Ein anderer Umstand des Ordenslebens muss noch bedacht werden. Jeder Mensch hat ein Grundgefühl, dass ihm viele oder wenige Chancen geschenkt sind. Dazu zählen Studien, Entdeckungen, Freiräume und vieles mehr. Von außen betrachtet, scheinen wir Klosterangehörige kaum derartige Chancen zu besitzen. Doch bei genauerem Hinsehen eröffnen sich im Raum des Klosters enorme Unternehmensfelder, je nach dem jeweiligen Einsatzbereich.
Schweigen
Das Schweigen ist ein Kernelement des Klosterlebens. Obwohl es so wichtig ist, fällt es schwer, im Schweigen zu verharren. Man muss dabei auch bedenken, dass jemand noch lange nicht schweigt, nur weil er nichts sagt. Ebenso gut kann es bedeuten, dass ihn gerade im Innern zahlreiche Sorgen belasten und mit ihrem Lärm erfüllen. Ein Kloster kann eine Atmosphäre der Ruhe schaffen, welche den Bewohnern und Besuchern den Raum für eine Gottesbegegnung eröffnet. Dazu ist nötig, dass man seine eigene Form des Schweigens findet, um sich im Lauschen auf Gottes Wort einzulassen. Viele Fragen können unser inneres Schweigen beeinträchtigen, aber man kann auch seinem persönlichen Schweigen den Vorrang geben. Dieses erkämpfte Schweigen ist äußerst befriedigend und schenkt uns die Freude, Gottes Nähe zu erfahren. In der Welt herrscht viel Lärm, aber im Kloster findet man doch eine hilfreiche Grundatmosphäre der Stille. Natürlich muss man sich gegen die Zerstreuung zur Wehr setzen.

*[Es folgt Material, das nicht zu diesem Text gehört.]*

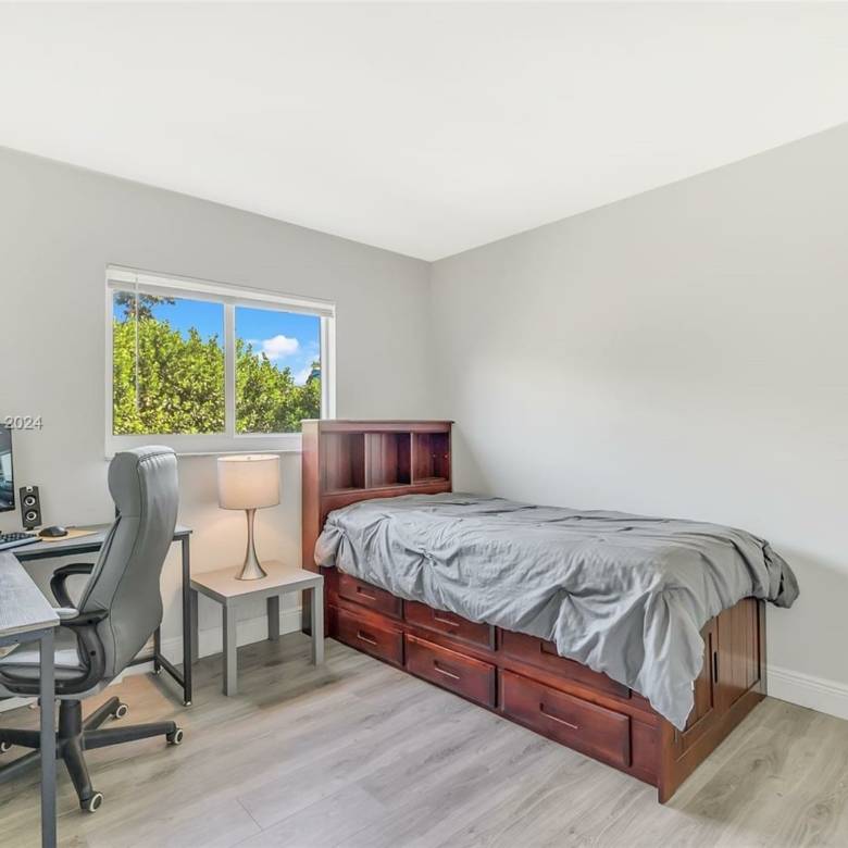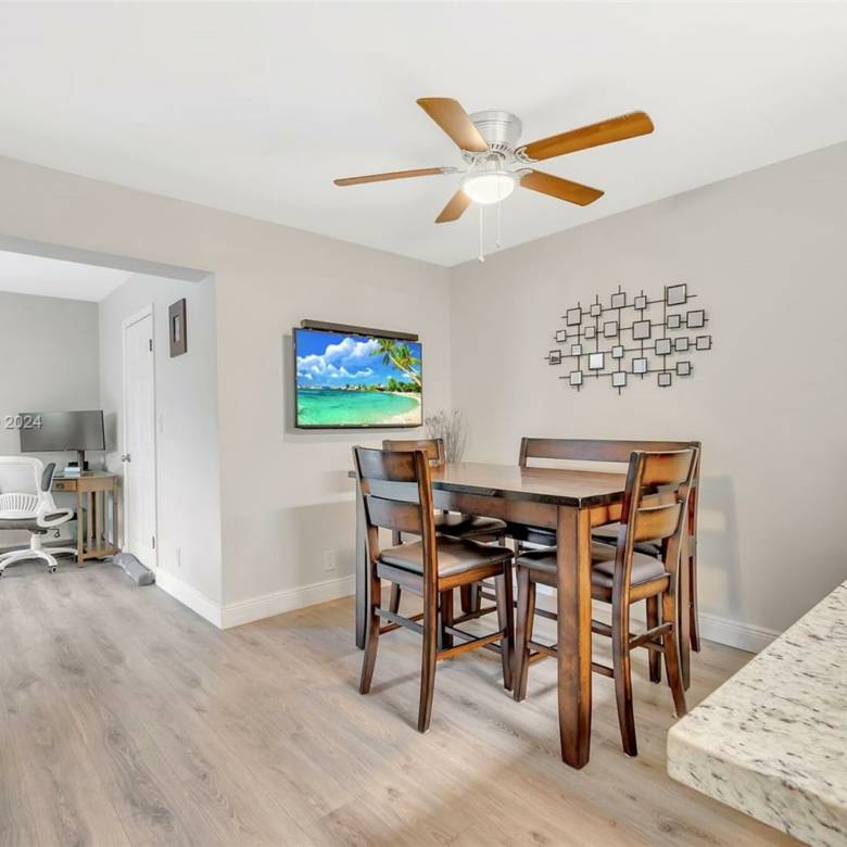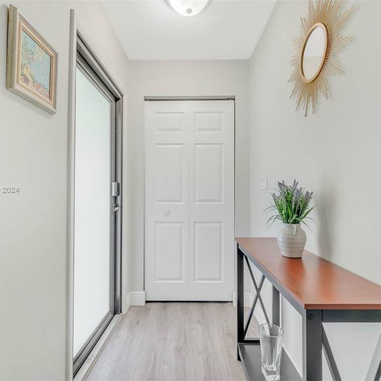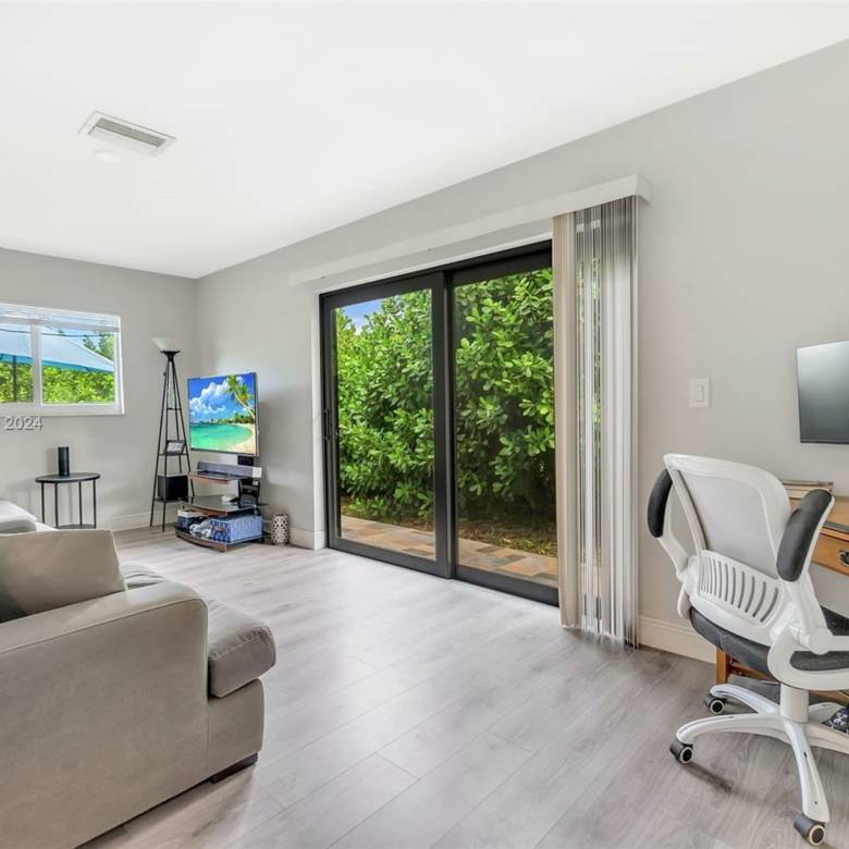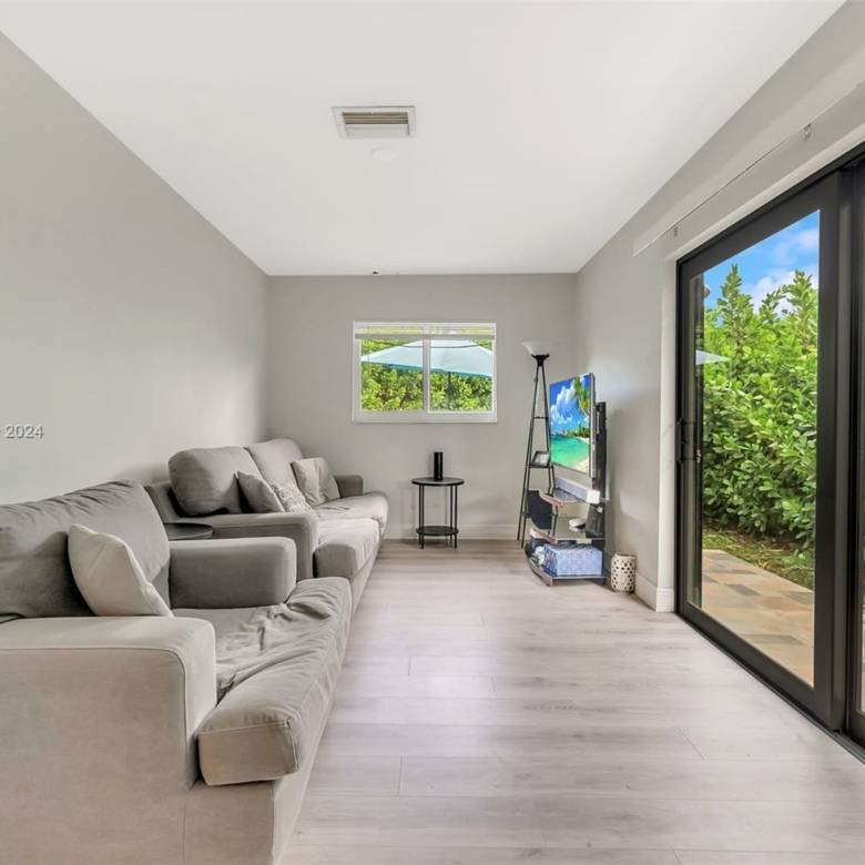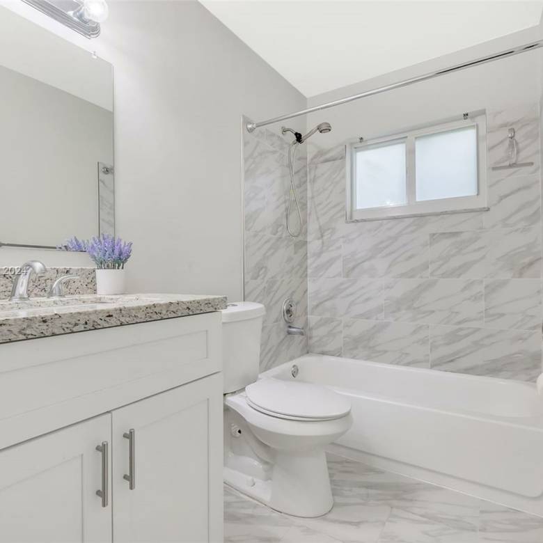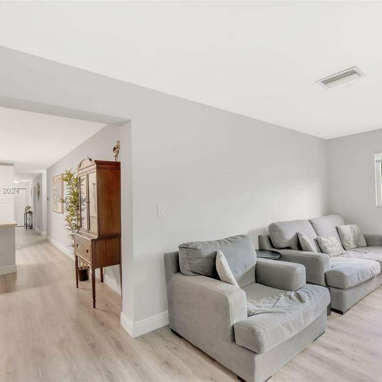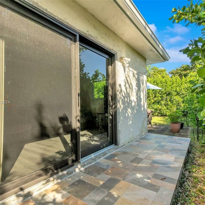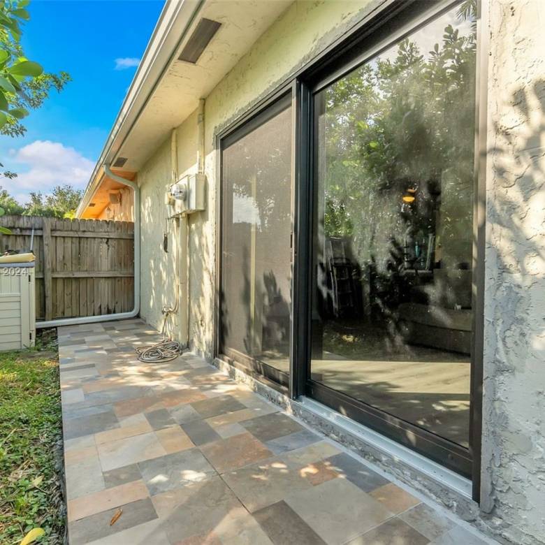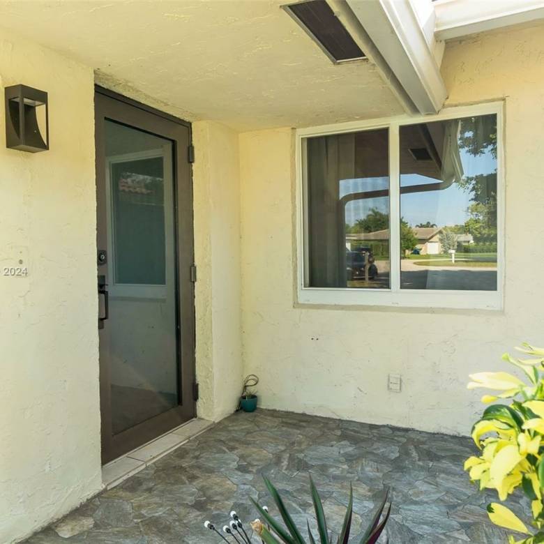 This renovated half-duplex in Coral Springs features 3 bedrooms, 2 bathrooms, and a spacious driveway for up to 4 cars, plus a lovely garden patio. Situated in a quiet cul-de-sac, the home boasts a modern kitchen with granite countertops, white cabinets with glass fronts, and stainless steel appliances. Both bathrooms are updated with granite and ceramic tile finishes; the master bath includes a walk-in shower, while the guest bath offers a tub/shower combo. A bonus room at the back provides extra space for an office, playroom, or gym. There’s also a convenient laundry room. The expansive, pie-shaped backyard offers plenty of room for a pool. Ideally located near shops, restaurants, and all that Coral Springs has to offer—plus, no HOA!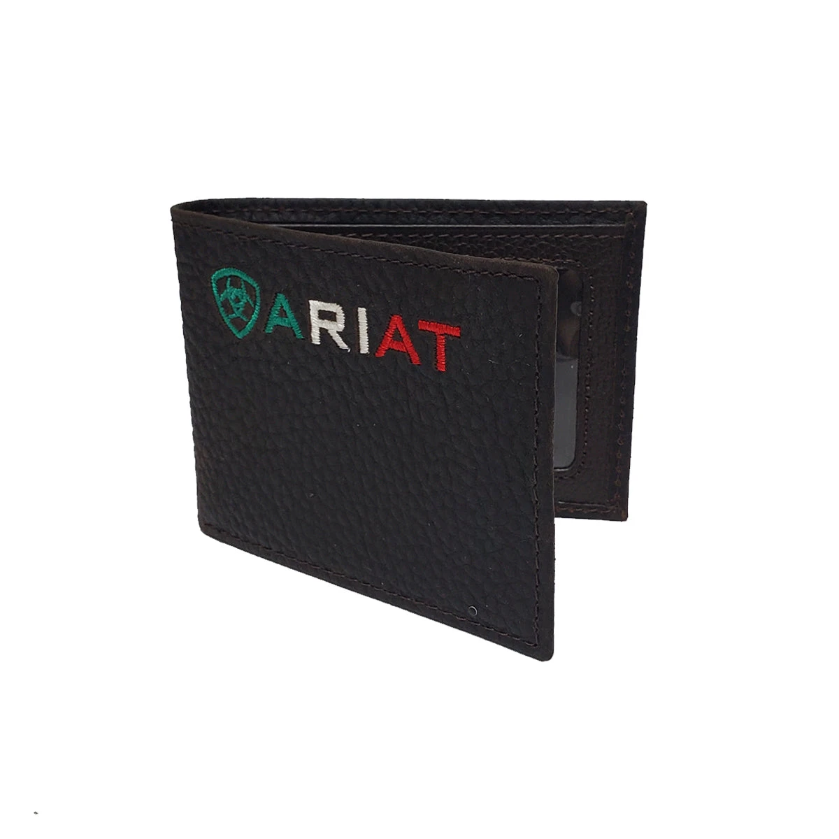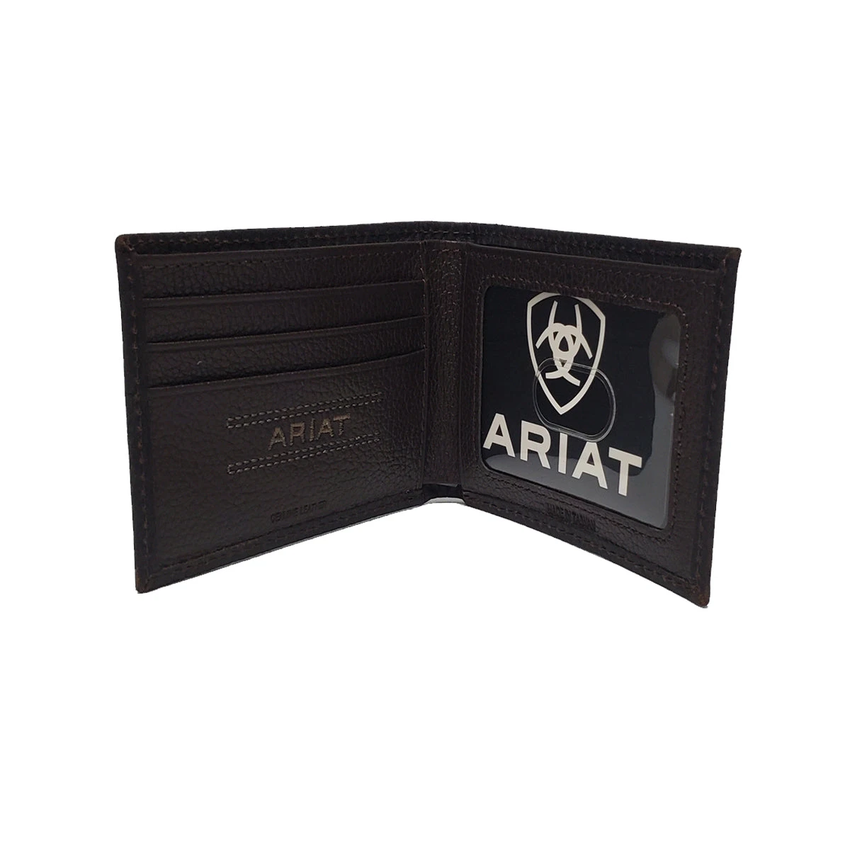 Stay both organized and in style with this Ariat bifold wallet by M&F Western Products. Genuine leather with Ariat shield logo. Features multiple compartments for your credit cards, cash and ID.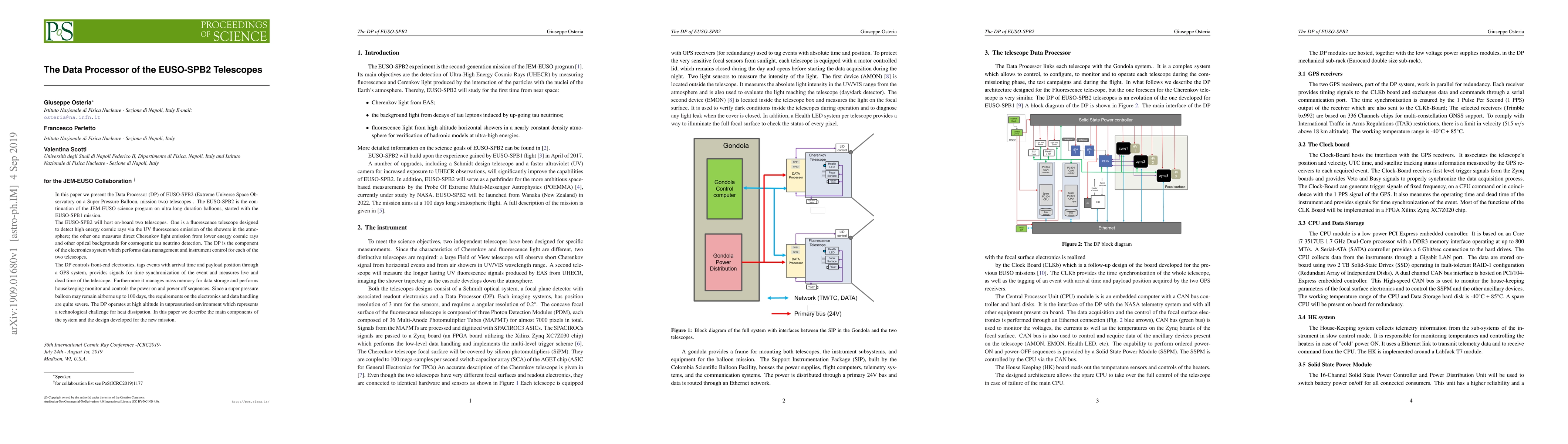 In this paper we present the Data Processor (DP) of EUSO-SPB2 (Extreme Universe Space Observatory on a Super Pressure Balloon, mission two) telescopes . The EUSO-SPB2 is the continuation of the JEM-EUSO science program on ultra-long duration balloons, started with the EUSO-SPB1 mission. The EUSO-SPB2 will host on-board two telescopes. One is a fluorescence telescope designed to detect high energy cosmic rays via the UV fluorescence emission of the showers in the atmosphere; the other one measures direct Cherenkov light emission from lower energy cosmic rays and other optical backgrounds for cosmogenic tau neutrino detection. The DP is the component of the electronics system which performs data management and instrument control for each of the two telescopes. The DP controls front-end electronics, tags events with arrival time and payload position through a GPS system, provides signals for time synchronization of the event and measures live and dead time of the telescope. Furthermore it manages mass memory for data storage and performs housekeeping monitor and controls the power on and power off sequences. Since a super pressure balloon may remain airborne up to 100 days, the requirements on the electronics and data handling are quite severe. The DP operates at high altitude in unpressurised environment which represents a technological challenge for heat dissipation. In this paper we describe the main components of the system and the design developed for the new mission.

Es gibt noch weitere Strukturelemente unseres Klosterlebens: das Gemeinschaftsgebet, das wir mehrmals täglich beten, die tägliche Eucharistiefeier, die lectio divina, das Gemeinschaftsleben an sich, die Konventexerzitien, geistliche Begleitung und vieles mehr. Diese Tätigkeiten tragen uns, und wenn man sie ernst nimmt, wird das Klosterleben möglich, das manchmal auch aufreibend sein kann. Ich war immer davon überzeugt, dass Christus unter uns weilt. Gelegentlich treten aber Umstände ein, die uns für seine Gegenwart blind machen. Wir meinen dann, dass er weit weg ist oder unsere Lebensform ihre Gültigkeit verloren hat. Dann muss man um so fester an seine Gegenwart und seinen Ruf glauben. Das hat mich bisher immer getragen. Der Herr schenkt dann echte Freude und wahren Trost.
Schluss
Für einen jungen Südafrikaner des 21. Jahrhunderts ist das Klosterleben eigentlich keine ernsthafte Option. Es handelt sich um eine spezielle Berufung von Gott, die nur wenige betrifft, die dazu ausersehen sind. Wir dürfen diese Lebensform jedoch als kostbaren Schatz annehmen, der uns aus Liebe geschenkt wurde. Gott beruft Menschen zu dieser Lebensform, wenn sie ihm auf diesem Weg besser dienen können. Das schließt nicht aus, dass trotz Berufung manche im Chorgebet ständig falsch singen. Man muss das entweder so hinnehmen oder sich ununterbrochen ärgern. Im Kloster als einer Schule des Herrn leben auch alle möglichen Arten von Schülern. Man kann sich die Frage stellen: Zu welcher Schülerart zähle ich? Und wie gehe ich mit den anderen Schülern um? Mit diesen Fragen will ich abschließen.